#### Records for the exercise:

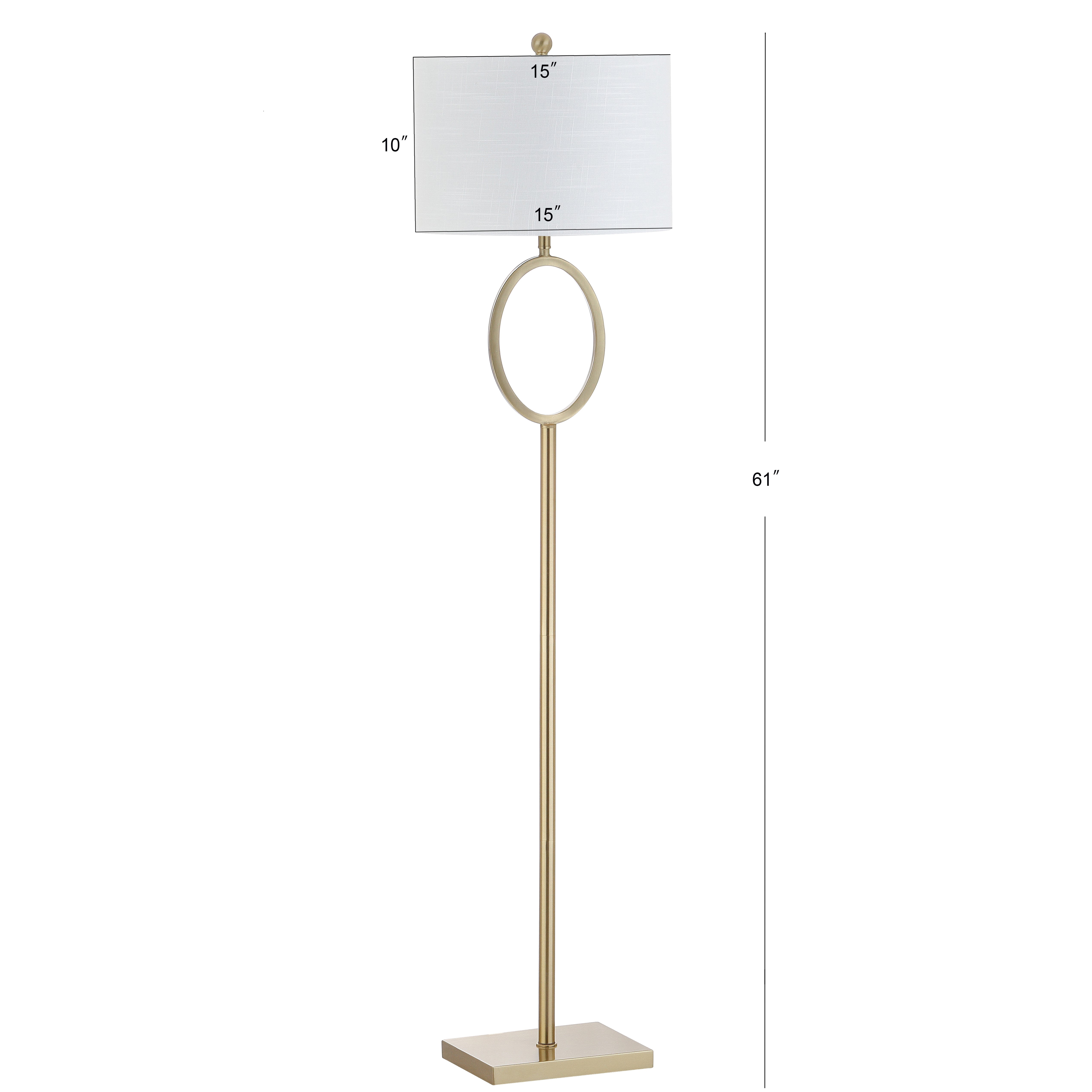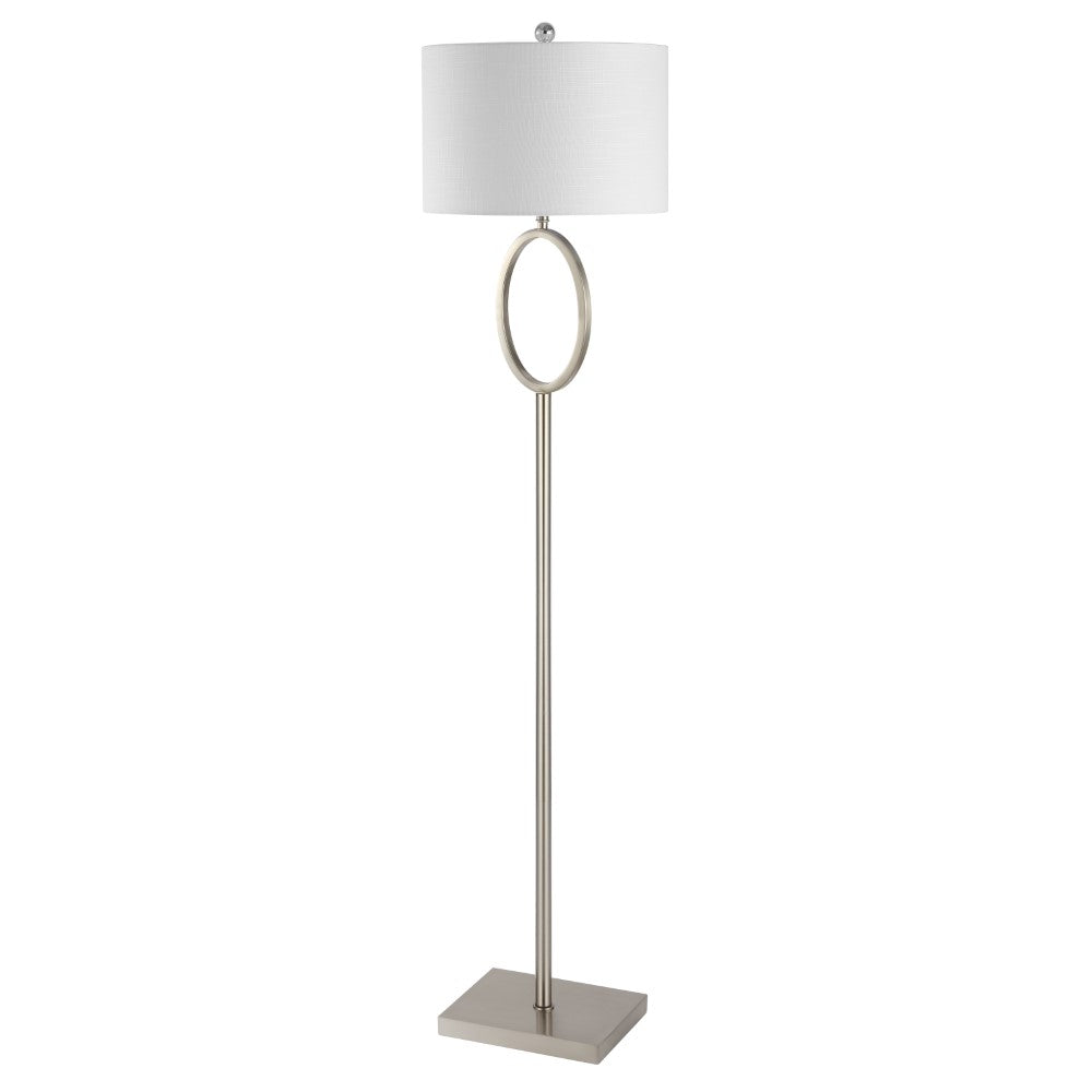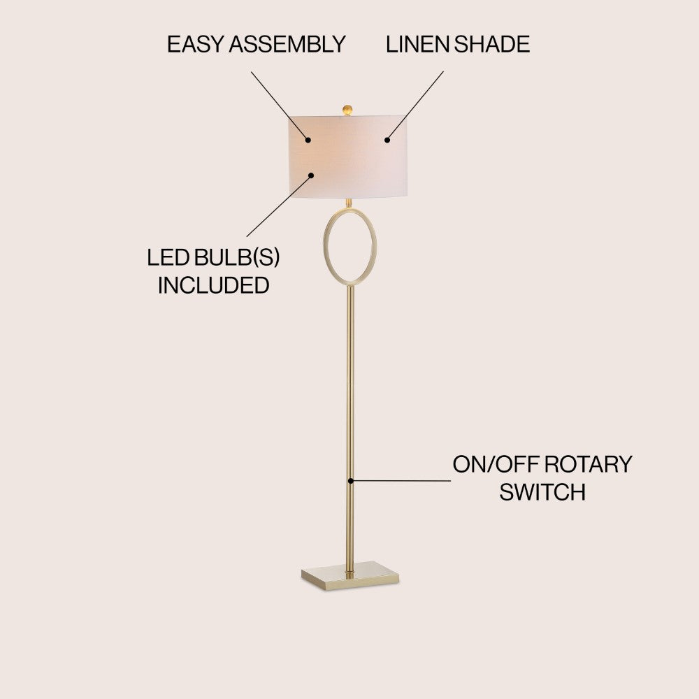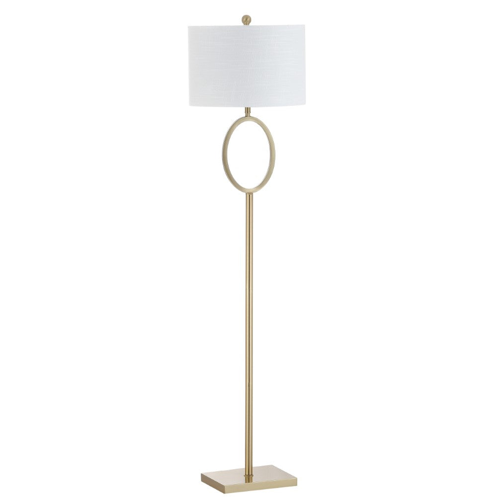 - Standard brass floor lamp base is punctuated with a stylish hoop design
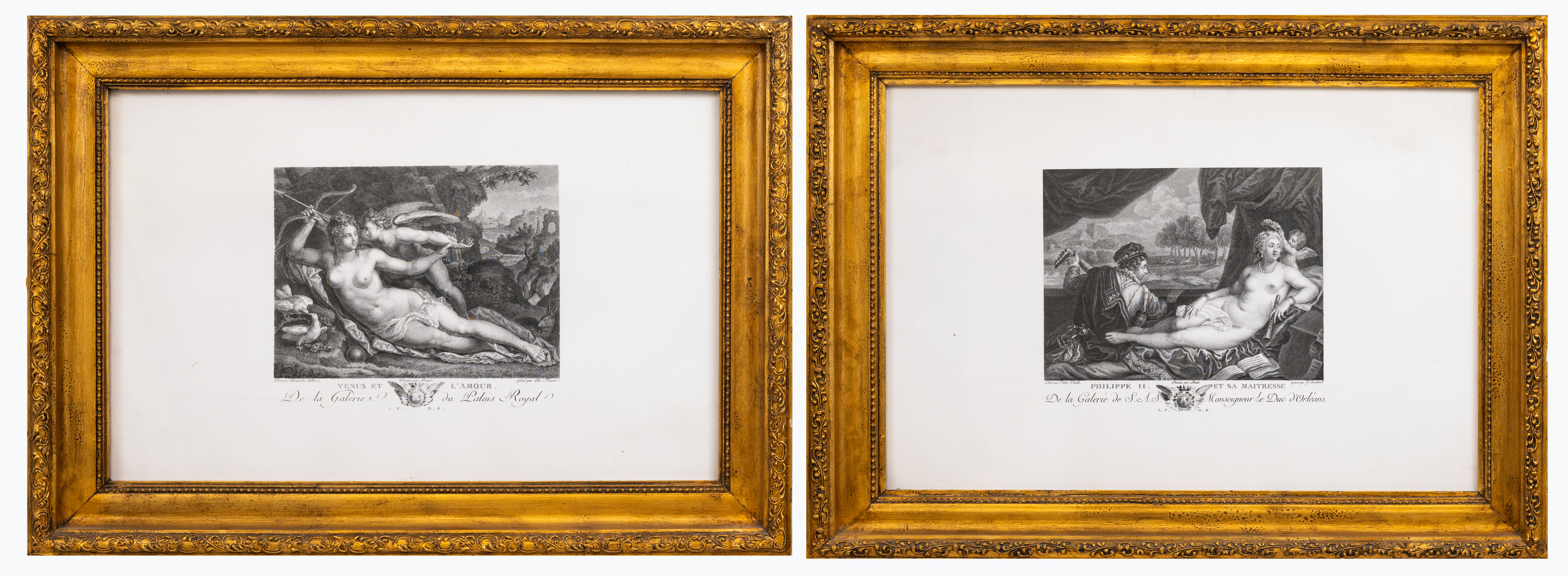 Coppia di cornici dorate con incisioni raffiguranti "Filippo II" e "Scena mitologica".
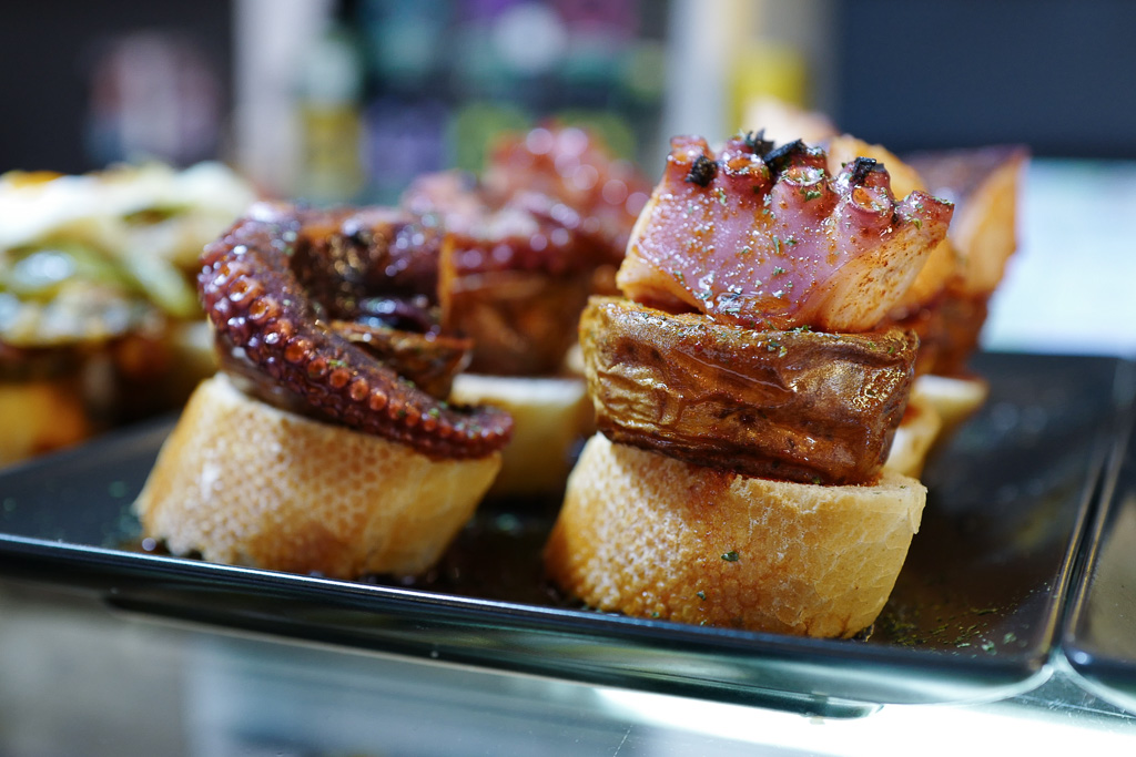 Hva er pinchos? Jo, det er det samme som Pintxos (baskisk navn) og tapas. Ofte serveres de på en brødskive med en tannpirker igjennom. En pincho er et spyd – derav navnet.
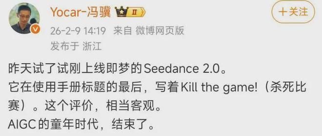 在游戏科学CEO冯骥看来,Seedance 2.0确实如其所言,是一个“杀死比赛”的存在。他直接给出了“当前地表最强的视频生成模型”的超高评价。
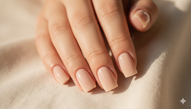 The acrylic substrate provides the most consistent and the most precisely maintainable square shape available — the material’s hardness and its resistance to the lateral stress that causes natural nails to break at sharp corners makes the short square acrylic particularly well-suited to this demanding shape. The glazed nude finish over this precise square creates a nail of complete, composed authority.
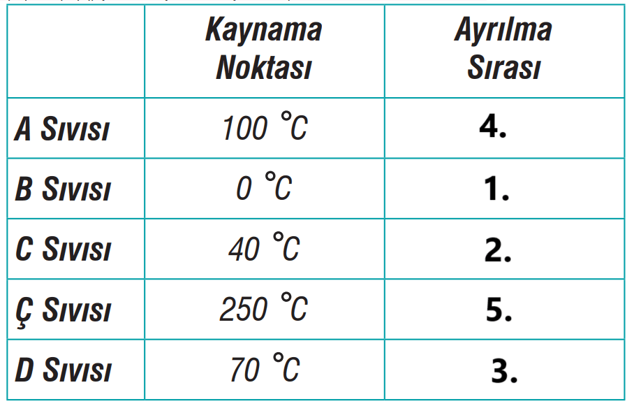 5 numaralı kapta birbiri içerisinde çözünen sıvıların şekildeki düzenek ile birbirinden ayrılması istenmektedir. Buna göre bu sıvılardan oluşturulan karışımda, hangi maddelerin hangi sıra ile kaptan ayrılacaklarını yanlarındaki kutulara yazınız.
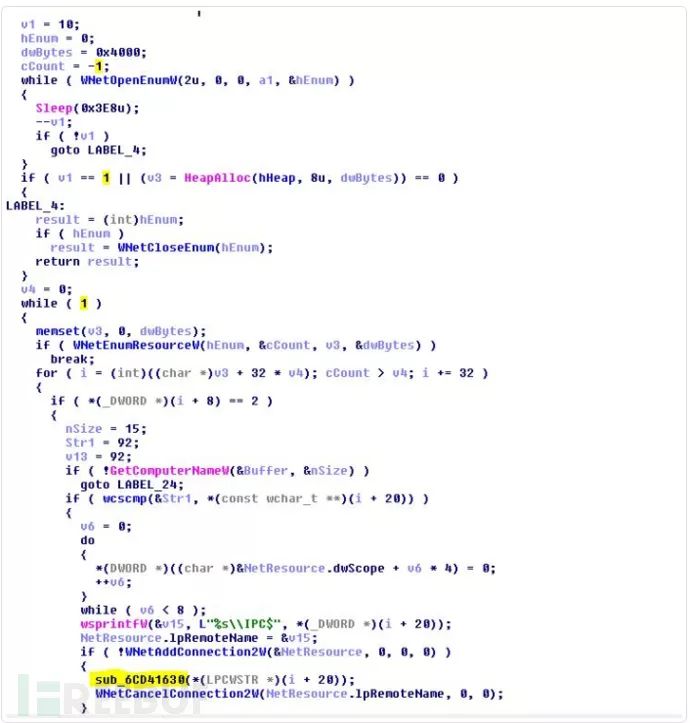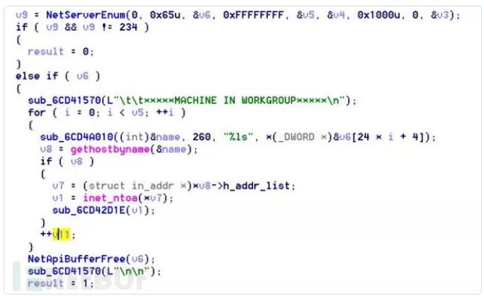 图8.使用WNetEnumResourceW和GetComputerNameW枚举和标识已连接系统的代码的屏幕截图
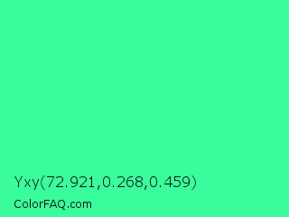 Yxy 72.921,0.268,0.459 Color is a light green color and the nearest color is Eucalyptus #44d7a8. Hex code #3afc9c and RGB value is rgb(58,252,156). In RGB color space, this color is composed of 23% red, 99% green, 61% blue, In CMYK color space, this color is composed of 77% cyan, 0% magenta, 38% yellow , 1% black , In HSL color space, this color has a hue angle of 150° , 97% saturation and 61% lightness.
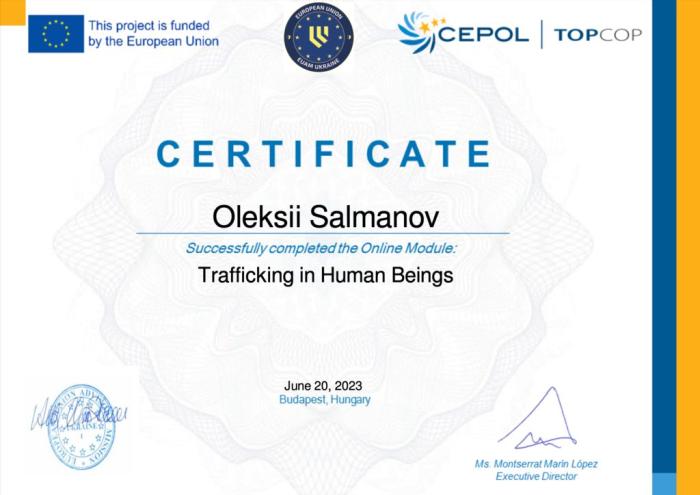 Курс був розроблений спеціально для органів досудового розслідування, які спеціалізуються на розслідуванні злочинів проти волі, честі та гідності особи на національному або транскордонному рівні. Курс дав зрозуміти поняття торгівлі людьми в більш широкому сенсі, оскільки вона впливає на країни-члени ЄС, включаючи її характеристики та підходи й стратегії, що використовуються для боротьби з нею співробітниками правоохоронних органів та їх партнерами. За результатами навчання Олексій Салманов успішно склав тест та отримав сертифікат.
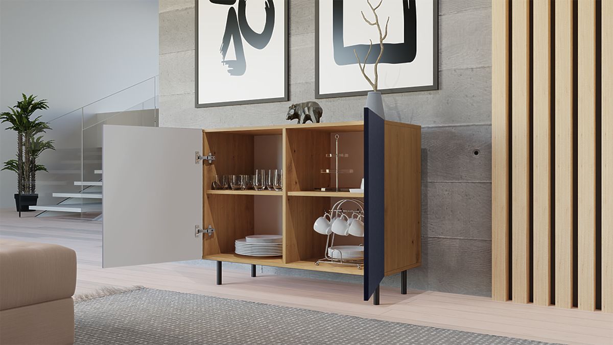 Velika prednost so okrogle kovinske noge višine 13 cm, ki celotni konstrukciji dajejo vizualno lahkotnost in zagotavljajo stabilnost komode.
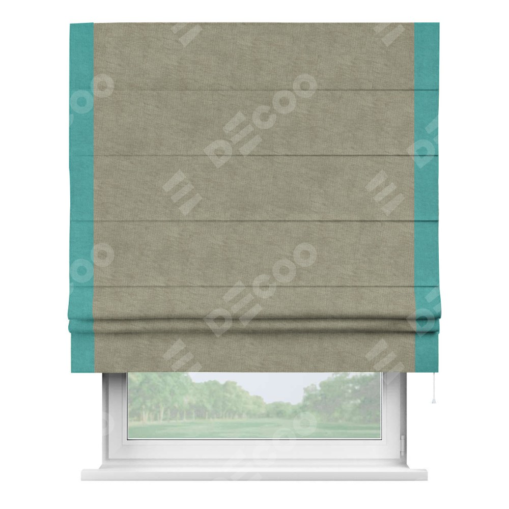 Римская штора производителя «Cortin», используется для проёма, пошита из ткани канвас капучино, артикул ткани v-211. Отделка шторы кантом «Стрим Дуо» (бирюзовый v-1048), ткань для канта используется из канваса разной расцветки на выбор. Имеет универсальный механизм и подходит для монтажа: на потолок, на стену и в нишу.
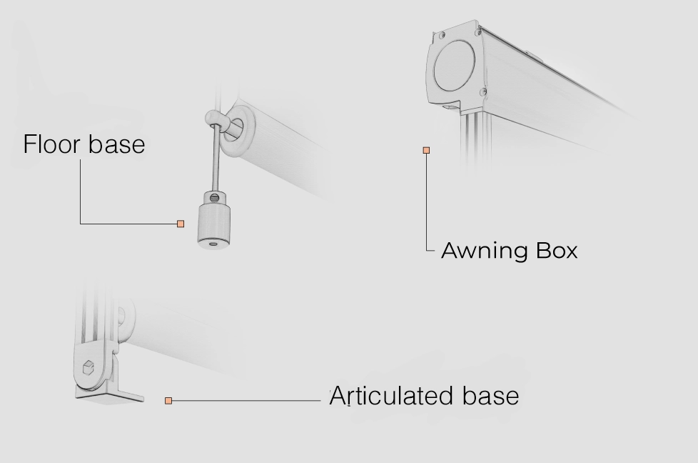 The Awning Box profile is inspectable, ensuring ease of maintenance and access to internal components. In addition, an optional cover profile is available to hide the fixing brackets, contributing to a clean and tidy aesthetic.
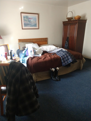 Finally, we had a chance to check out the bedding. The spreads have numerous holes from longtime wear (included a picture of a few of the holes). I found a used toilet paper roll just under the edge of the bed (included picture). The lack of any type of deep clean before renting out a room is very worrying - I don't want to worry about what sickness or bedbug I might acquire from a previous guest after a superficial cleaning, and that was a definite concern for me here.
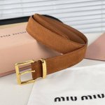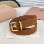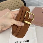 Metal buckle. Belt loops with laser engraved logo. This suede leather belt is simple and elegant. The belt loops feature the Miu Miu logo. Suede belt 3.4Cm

#### Requirement:
Pictures stay out; output the lines from the top of the listing above through the line containing "Coppia di cornici", exactly as they stand.

#### Response:
 - Standard brass floor lamp base is punctuated with a stylish hoop design
 Coppia di cornici dorate con incisioni raffiguranti "Filippo II" e "Scena mitologica".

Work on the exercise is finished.